- Logo of Firqat Ahrar Nawa
- Leaders: Abdullah al‑Qura‘aẓa Major Khaled Hussein Taha Mazen "Abu Walid" Jawad
- Headquarters: Nawa
- Active regions: Daraa Governorate
- Ideology: Opposition / Revolution
- Part of: Free Syrian Army Southern Front Army of the Revolution; ; ;
- Wars: the Syrian Civil War

= Firqat Ahrar Nawa =

Faction of the Free Syrian Army

Firqat Ahrar Nawa (فرقة أحرار نوى, meaning "Free Men of Nawa Brigade") is a Syrian rebel group that operated in the city of Nawa and its surroundings in the Daraa Governorate during the Syrian Civil War. It was affiliated with the Free Syrian Army, and has been publicly identified as one of several local factions to receive covert support from Israel, alongside Fursan al-Joulan, Jaysh al-Ababil, Saif al-Sham Brigade, Jaydour Horan Brigade, Al-Ezz bin Abdul Salam Brigade, Omar Bin Al-Khattab Brigade, Al-Haramein Battalion, Alwiya al-Furqan, Syrian Revolutionaries Front, Jabhat Ansar al-Islam, Ahrar Gathering and others.

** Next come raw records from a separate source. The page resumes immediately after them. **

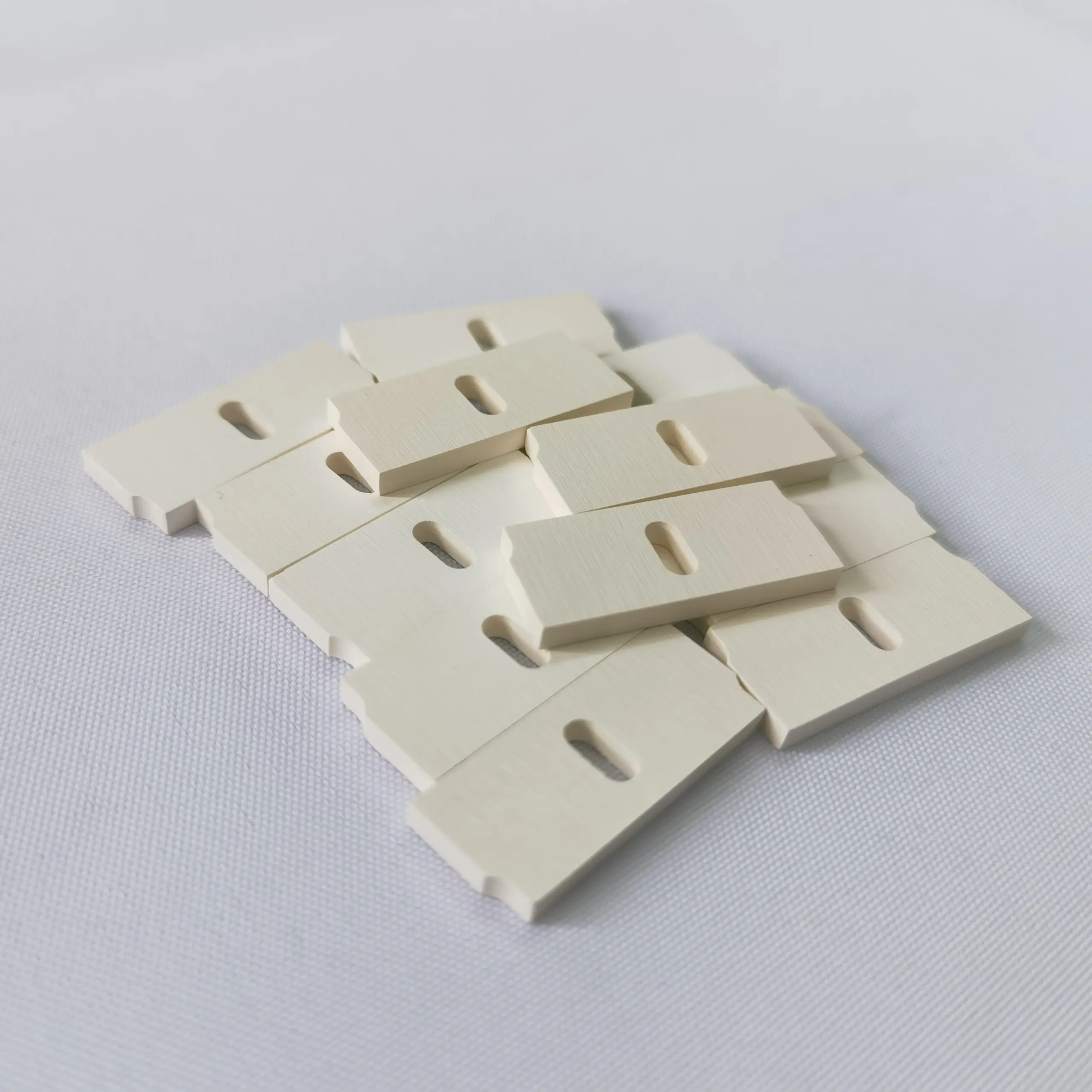 氧化铝陶瓷挡片的主要优势在于具备优异的耐磨、耐高温和耐腐蚀性能,同时拥有稳定的绝缘效果和较高的尺寸精度。即使在长期高频摩擦或复杂环境下使用,依然能够保持结构稳定,使用寿命更长。特别适用于机械限位、高温隔热、自动化定位、电子绝缘以及设备耐磨保护等应用场景,是替代金属和塑料挡片的理想选择。
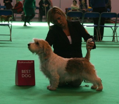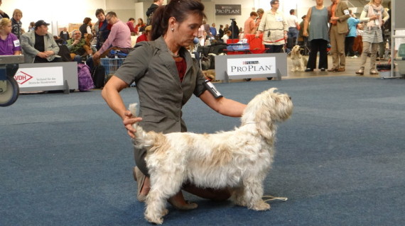 Wir testen hier eher die Nerven und den Charakter und bemühen uns, dem Hund den Spaß am Ausstellen unabhängig von den Ergebnissen zu erhalten und sogar zu steigern.
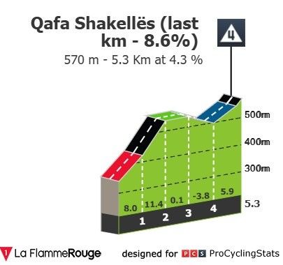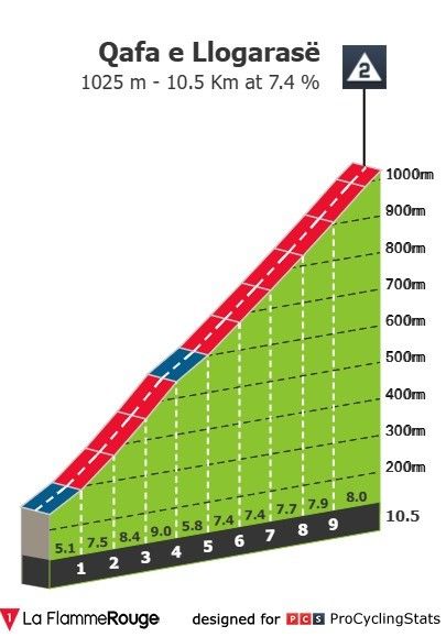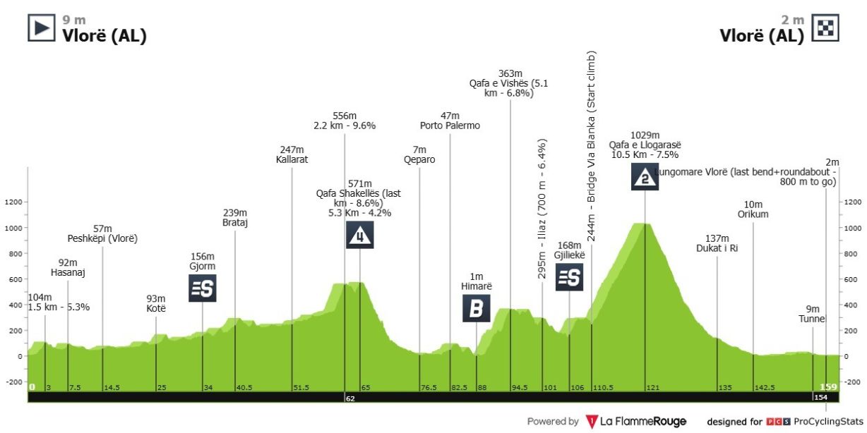 Emelkedők: A Qafa Shakelles átlag 4,3%-os, mert van benn lejtős rész, de az a 11,4-es kilométeres etap combos lesz, az utolsó kilómétert is külön kiemelik. Az őrület a Llogarasen lesz, hosszú, 1025 méterre kell felmenni és szinte végig tartja a 7.0% feletti meredekséget. Megváltás lesz feljutni a csúcsra és onnéttól jöhet a lejtmenet és az egyenes. Van egy kategorizálatlan rész is a Llogarase előtt, a Vishes, ami 5,1 km hosszú 6,8%-on, ez a hangoló mászás a Llogarasere.
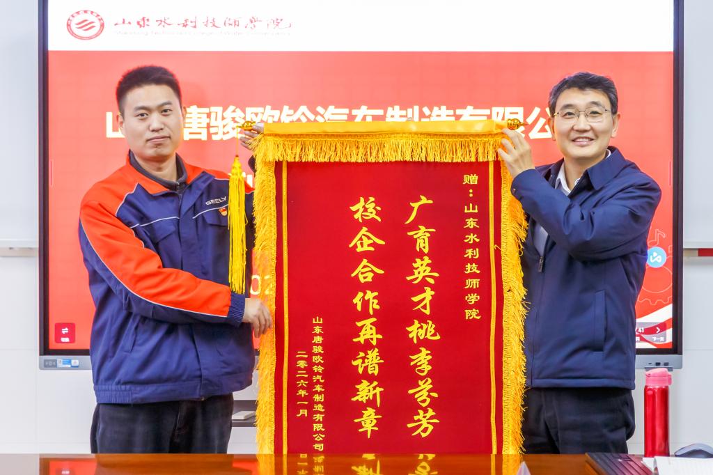 1月20日,山东唐骏欧铃汽车制造有限公司人才经营部部长杨亚臣一行3人到学院开展校企产教融合交流座谈,并为学院送来表达感谢的锦旗和优秀实习生喜报、优秀带队实习教师荣誉证书。学院交通工程系全体教师参会。学院党委委员孙大广出席会议。
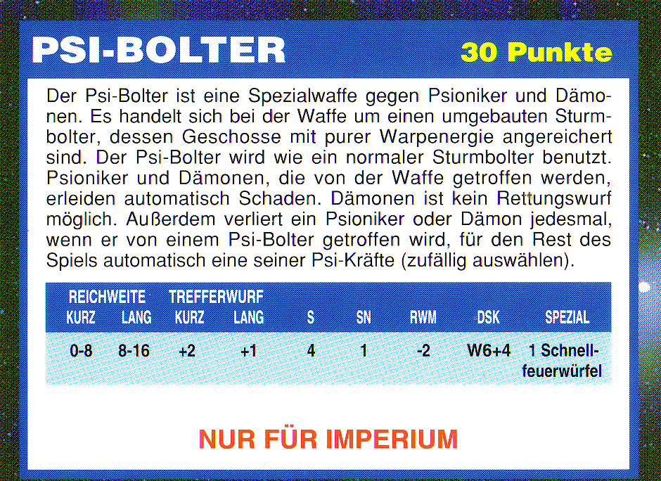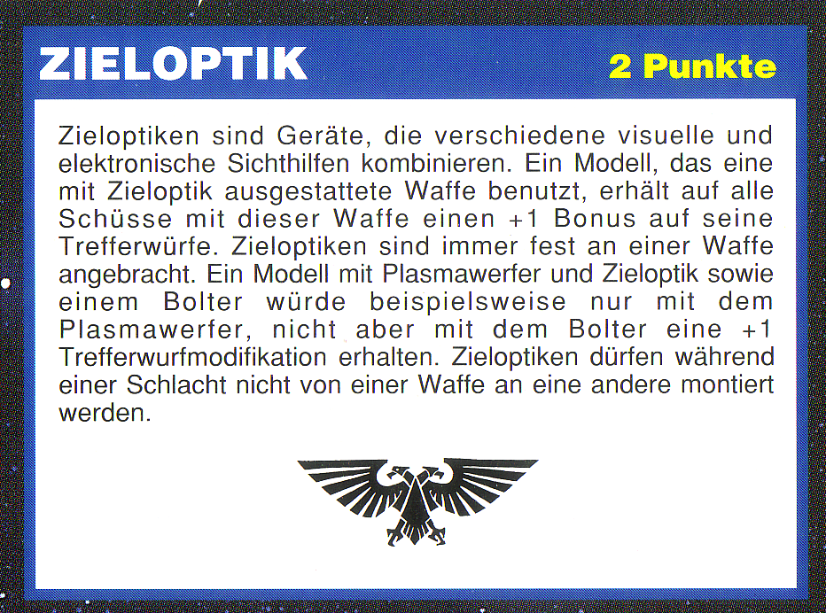 Ausrüstungskarten die nur von dem Imperium treuen Armeen genutzt werden dürfen.
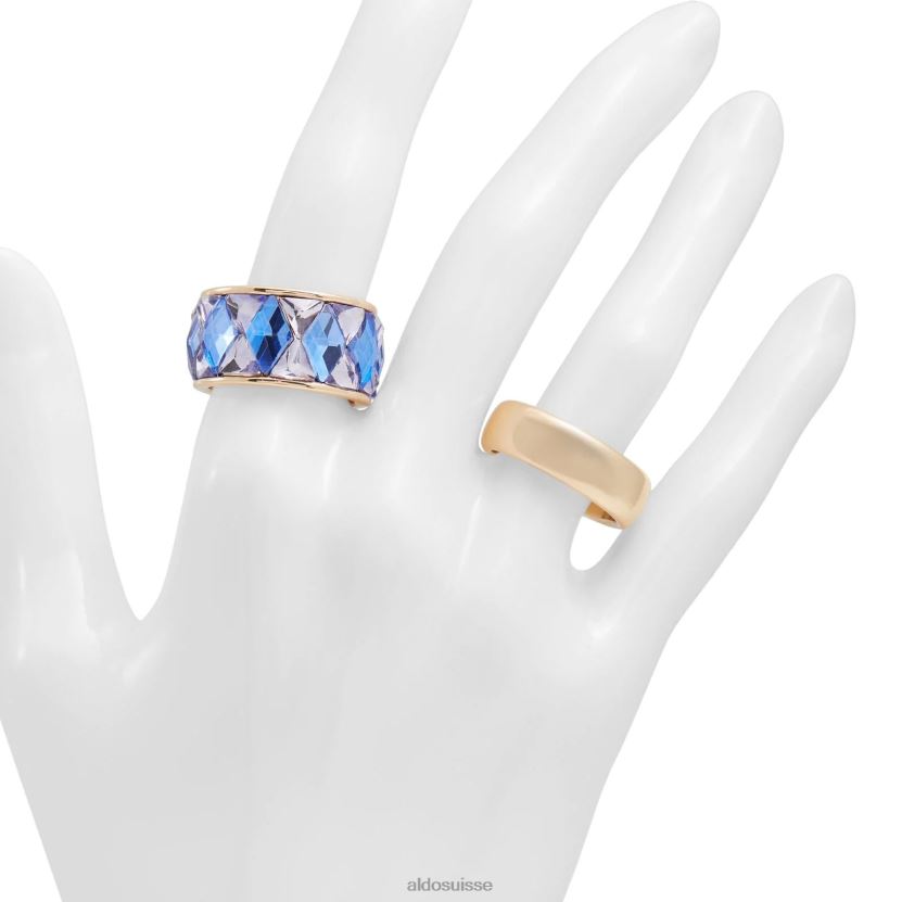 Amusante, colorée et parfaite pour égayer une tenue de tous les jours, cette bague de style bandeau dorée avec finition bleue est l’accessoire indispensable dont toute boîte à bijoux a besoin.
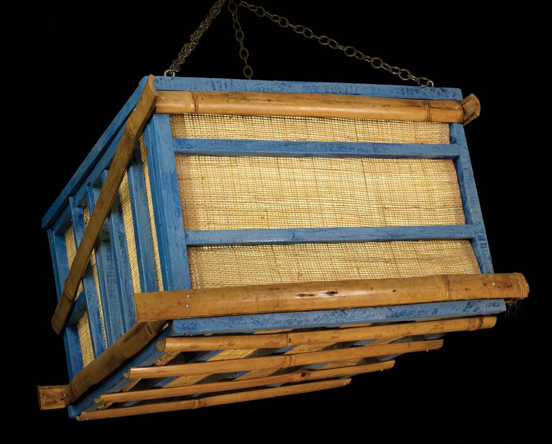 (1970s) A pure product of LeRoy Schmaltz's imagination, these "crate lamps" are made from scrap OA materials, lined with Tapa or matting and hung for decorative accent purposes. They were sold both electrified and without. These are without although internal lighting could easily be added. 21"x24"x15". VG+ with typical wear.
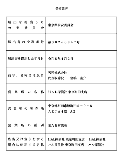 東京町田で探偵をお探しの方は、安心と信頼のHAL探偵社にお任せください。当探偵社の料金体系は、インターネット広告業界出身の弊社代表が、広告業界で培ったノウハウを元に、効率よく広告を運用する事で、探偵社の経費の大半を占める広告費を徹底カット! このため調査員1名につき1時間7,000円(税込)のシンプルかつ業界最安値の料金プランを実現しました。
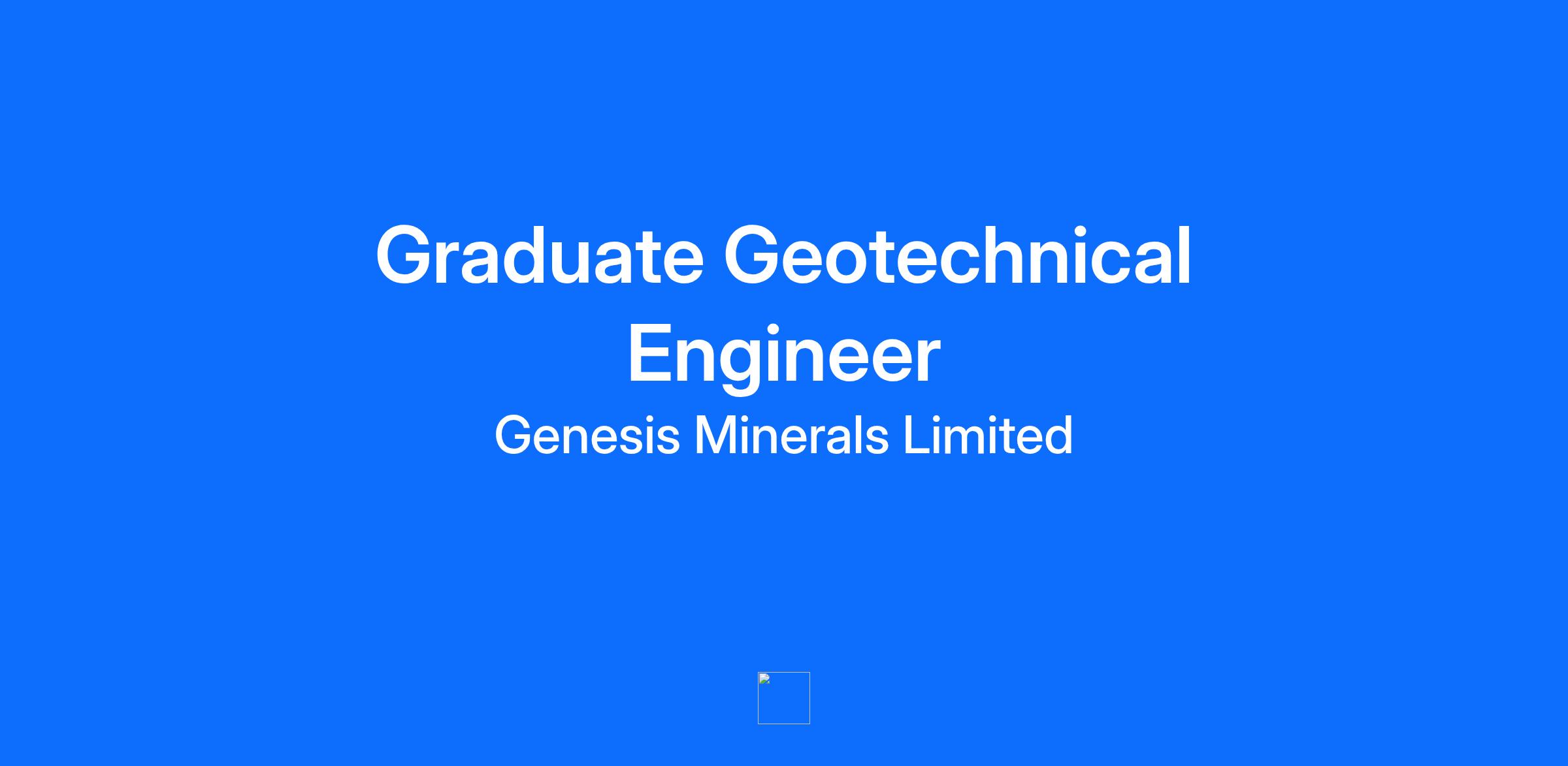 Do you ASPIRE to join a new growth story in West Australian gold? Join us! Accountable. Sustainable. People First. Integrity. Results. Empower. Job Title Graduate Geotechnical Engineer Job Roster Lifestyle friendly 8 days on; 6 days off roster FIFO from Perth to Leonora or DIDO Competitive remuneration Job Summary We are now seeking a Graduate Geotechnical Engineer to support our Leonora underground and open pit operations, contributing to critical geotechnical functions that enable safe, efficient, and compliant mining activities. Job Statement Kickstart your geotechnical engineering career in our 2-year Graduate Program - gain hands-on experience, make a real impact, and grow with Genesis Minerals. Lifestyle friendly 8 days on; 6 days off roster FIFO from Perth to Leonora or DIDO Competitive remuneration We are now seeking a Graduate Geotechnical Engineer to support our Leonora underground and open pit operations, contributing to critical geotechnical functions that enable safe, efficient, and compliant mining activities. The Opportunity: Assist in geotechnical monitoring and analysis for underground and open pit operations Conduct site inspections, core logging, slope stability assessments, and geotechnical mapping Support the design, implementation, and maintenance of ground control and mine support systems Prepare geotechnical reports, models, and documentation using industry-standard software Participate in the preparation of mine plans and contribute to operational decision-making based on geotechnical data Support continuous improvement initiatives within the technical services team Learn from experienced geotechnical engineers and rotate through key geotechnical functions as part of the graduate development pathway We’re excited to hear from you if you have: Recently graduated with a degree in Geotechnical, Mining or Civil Engineering A willingness to learn and enthusiasm for developing technical capability across both underground and open pit survey functions Effective communication skills and the ability to work collaboratively within multidisciplinary teams What you can expect from us: A caring and supportive culture: join a team that truly cares about your growth and success. All-Inclusive Stay: we provide all accommodation, meals, and flights to and from Perth, as well as all necessary personal protective equipment (PPE). Community and Wellness: relax in our fantastic village with excellent facilities, including an onsite gym, pool, recreation room, BBQ area, plus free Wi-Fi! Competitive Compensation Join the Genesis of a new growth story in West Australian Gold. Are you ready to be part of a dynamic and ambitious team at a growing ASX-listed gold house? At Genesis, we're dedicated to realising our vision of becoming The Trusted Australian Gold Miner, delivering high-quality, progressive operations with a target of +400koz annually. Genesis offers unparalleled opportunities for growth and innovation in the prolific Leonora and Laverton region of Western Australia. Our team lives by the ASPIRE Values – Accountable. Sustainable. People First. Integrity. Results. Empower Does this sound like you? If so, we’d love to hear from you. Submit your applications To be considered for this role, please submit a brief covering letter and CV by following the APPLY NOW prompts. We encourage applicants from a range of backgrounds and experience to apply. Further information about the Company is available on the website; www.genesisminerals.com.au Shortlisting for this role will commence immediately. Please apply now. Please note: We respectfully request that there are no approaches from recruitment agencies in relation to this role. We will be accepting applications and enquiries from direct applicants only. Genesis Minerals is a new and growing ASX-listed gold house, 100% focused in the Leonora District of Western Australia. We have the assets and people in place to achieve our vision who value honesty and integrity, doing every job safely and working collaboratively as part of a team. We look forward to you joining us. Genesis Minerals is a growing organisation where you can expect to be part of an inclusive and rewarding work environment where your contribution is acknowledged and recognised. Please introduce yourself to our recruiters and we'll get in touch if there's a role that seems like a good match.
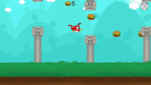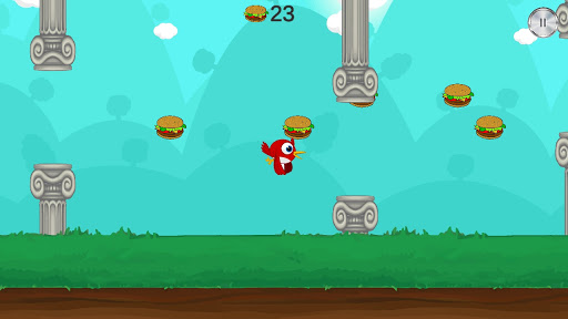 Play Crazy Bird Game with Cute Bird, tap to jump and avoid pillars and eat burgers to increase your score.
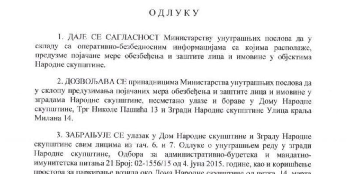 "Hvala vam na razumevanju i ujedno vas pozivamo da svi zajedno učinimo sve da skup u subotu prođe mirno i bez ikakvih incidenata", navodi se u odluci upućenoj poslanicima i zaposlenima u Skupštini Srbije.
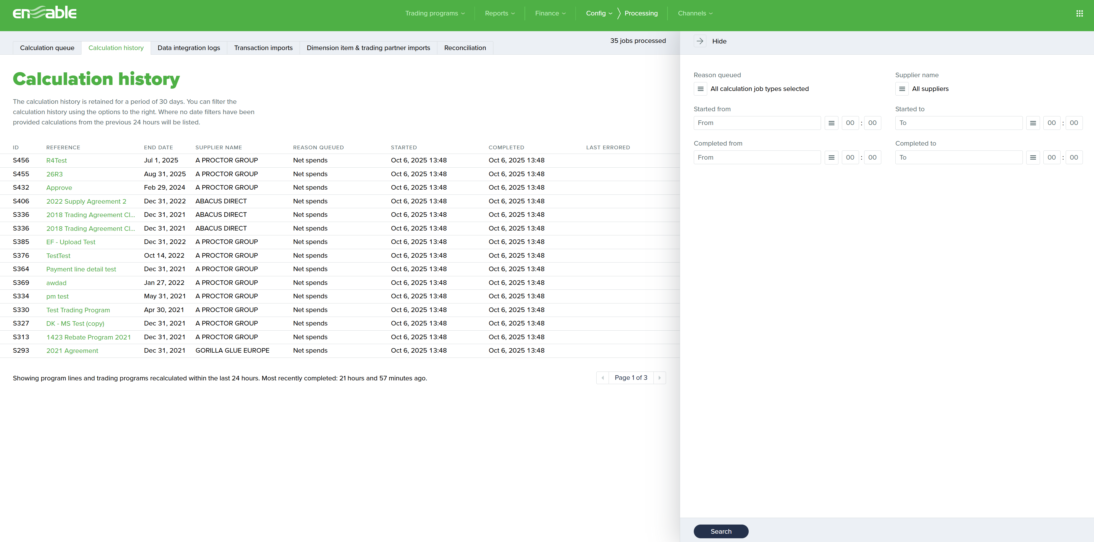 As you can see in the screenshot above, you can filter by Supplier name, start date and time of the calculation, the completed date and time of the calculation, and the reason the calculation was queued.
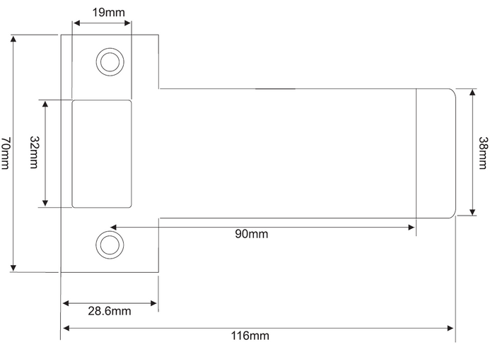 LOCKTON Art. STML60-EXT-90 Extended Mortice Lock Strike, designed to suit LOCKTON Art. SG-ML60, SG-ML95 and other Mortice Locks (see RELATED PRODUCTS).
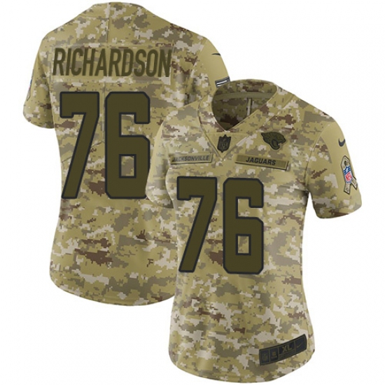 >Women's Nike Jacksonville Jaguars #76 Will Richardson Limited Camo 2018 Salute to Service NFL Jersey
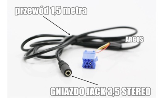 złącze Mini-gniazdo JACK 3.5mm stereo z przewodem o dł.150cm zakończonym złączem Mini-ISO_8Pin podłączanym w miejsce (zamiast) zmieniacza CD do fabrycznego radia m-ki BLAUPUNKT
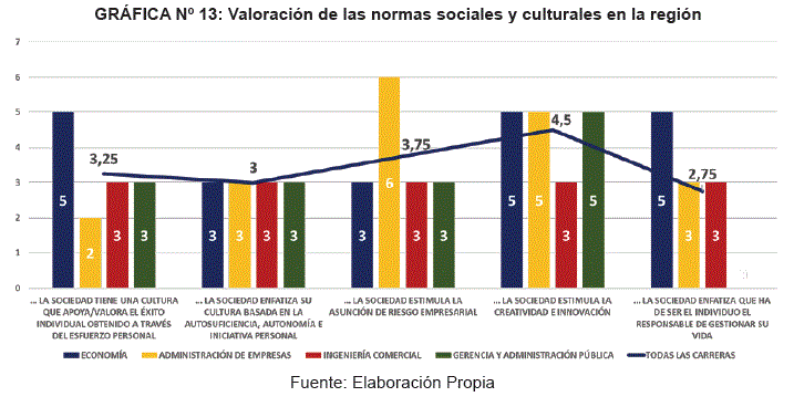 En cuanto a la percepción del papel de la cultura en emprendimiento de su región, el Gráfico N° 13 presenta una valoración de 4,5. En este indicador, los estudiantes tienen una percepción ligeramente similar que la otorgada a la educación y formación en emprendimiento.
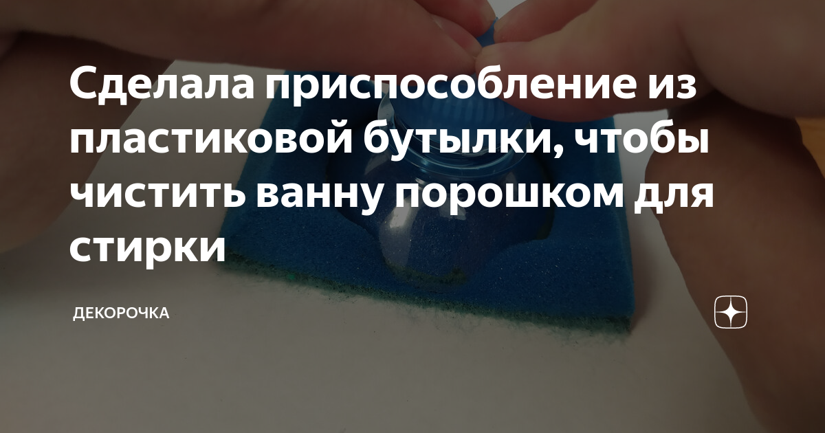 Сделала приспособление из пластиковой бутылки, чтобы чистить ванну порошком для стирки Два года назад делали ремонт в ванной. Заменили чугунную ванну на акриловую. Она намного легче (около 30 кг.), легко монтировать. Вода в ней остывает медленней и стенки ванны не такие холодные как у ванн из металла.

The group was formed on 12 September 2012 in the town of Nawa in Daraa province, and was led by Brigadier General Abdullah al-Qaraza, then Major Khaled Hussein Taha, and then Brigadier General Abdullah al-Qaraazah was reinstated after the problem of the dismissal of Major Taha by some formations of the division on 7 October 2017, and its leaders were known as Mazen Jawad, Yahya al-Saqer, and Muhammad Khaled Ahmed Taha.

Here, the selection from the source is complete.